自然に近い風が求められる背景とは・・・?
家電各社がしのぎを削る“送風機”開発の最前線

ダイキンの「Wind Creator」

 高層階のオフィスやタワーマンションなど窓が開けられない空間にも自然に近い快適な風を届けようと、家電各社が研究開発を進めている。ダイキン工業やパナソニックは、高原などに吹く風を研究した送風機をそれぞれ開発。三菱電機は航空機の翼の形状を扇風機の羽根に採用し、自然に近い静かな音の風を実現した。夏だけでなく、室内の空気が滞留しがちな冬の室内にも導入できれば、仕事がはかどる空間作りにつながりそうだ。

 ダイキン工業は、軽井沢や北海道の高原など全国8カ所で計測した風のデータを基に、自然の風を再現する装置「Wind Creator」を開発した。窓を開けられないタワーマンションや、自然をテーマにしたカフェなどでの活用を想定する。同装置は九つのファンを内蔵し、全てのファンが同じ動きをする。風が時折強くなったり弱くなったりするほか、体全体に風が当たることで自然を感じられるという。同社テクノロジー・イノベーションセンターの開発巳智子氏は「鉄道や地下室など、窓が開けられない場所でも活用できる」と期待する。

 パナソニックは長野県の蓼科高原に吹く風を計測して、心地よい風を研究している。研究成果を生かし、強弱を付けて気流と香りを届けられる大型装置を開発した。香りは森林やラベンダーなど、シーンに応じて切り替えられる。同社の研究では、上半身だけなど部分的に風が当たる場合に比べて、全身に気流を受けるほど「すごしやすい」と感じる人が多いという。暖房で室内の空気がこもりがちになる冬場に使えば空気のよどみ解消につながる。

 三菱電機の扇風機「SEASONS(シーズンズ)」は、そよ風のように静かな風が特徴。一般的な扇風機の最大音が45デシベル以上とされる中、シーズンズの運転音は最小12デシベルと、木の葉がふれあう音よりも静かだという。サーキュレーターとしても使える。

 シーズンズには航空機の翼などで採用されている「ウイングレット」と呼ばれる形状をした、先端が上に曲がった羽根が使われている。曲がった羽根が空気の渦を拡散させるため、まっすぐな羽根に比べて音が静かになるという。

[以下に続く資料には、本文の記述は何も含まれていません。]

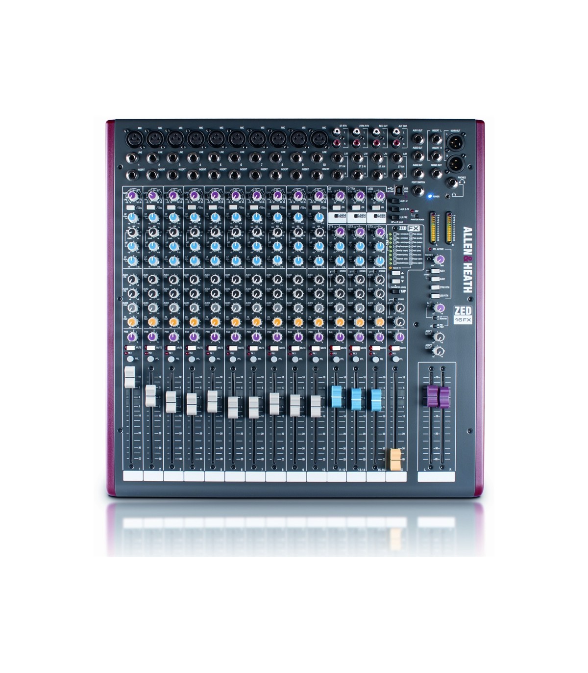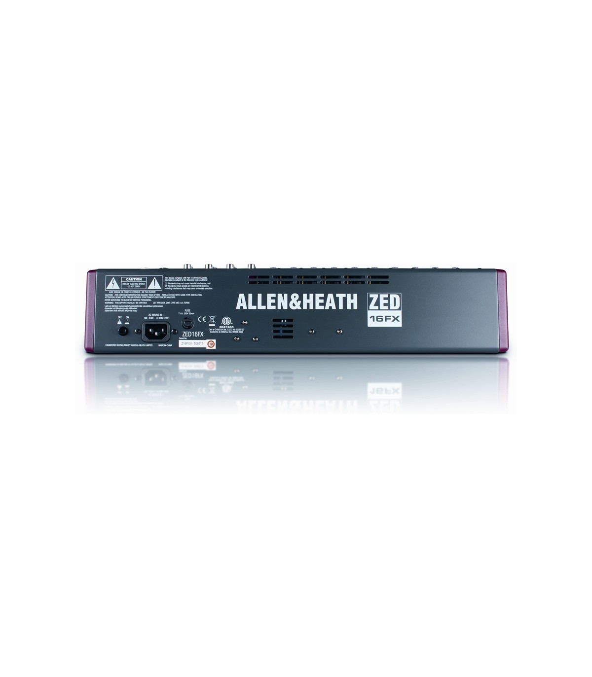 ZED-16FX offre inoltre un processore di effetti con Tap tempo delay, conversione 24 bit/48kHz, ed un set di 16 effetti derivati direttamente dai sistemi Allen&heath iLive.

 オフィスや住宅などで自然に近い風が求められる背景を、パナソニックエコシステムズ(愛知県春日井市)R&D本部熱・流体開発部送風技術開発課の谷口和宏課長は「高気密・高断熱の建物が普及し、窓を閉め切った状態でも自然を感じたいというニーズが増えている」と分析する。三菱電機中津川製作所住宅用換気送風機製造部の小野比出晴氏も「どんな風が人にとって心地よいのか研究を続ける」と力を込める。各社は住宅やビルの高機能化などを追い風に、自然な風を創り出す研究を進める考えだ。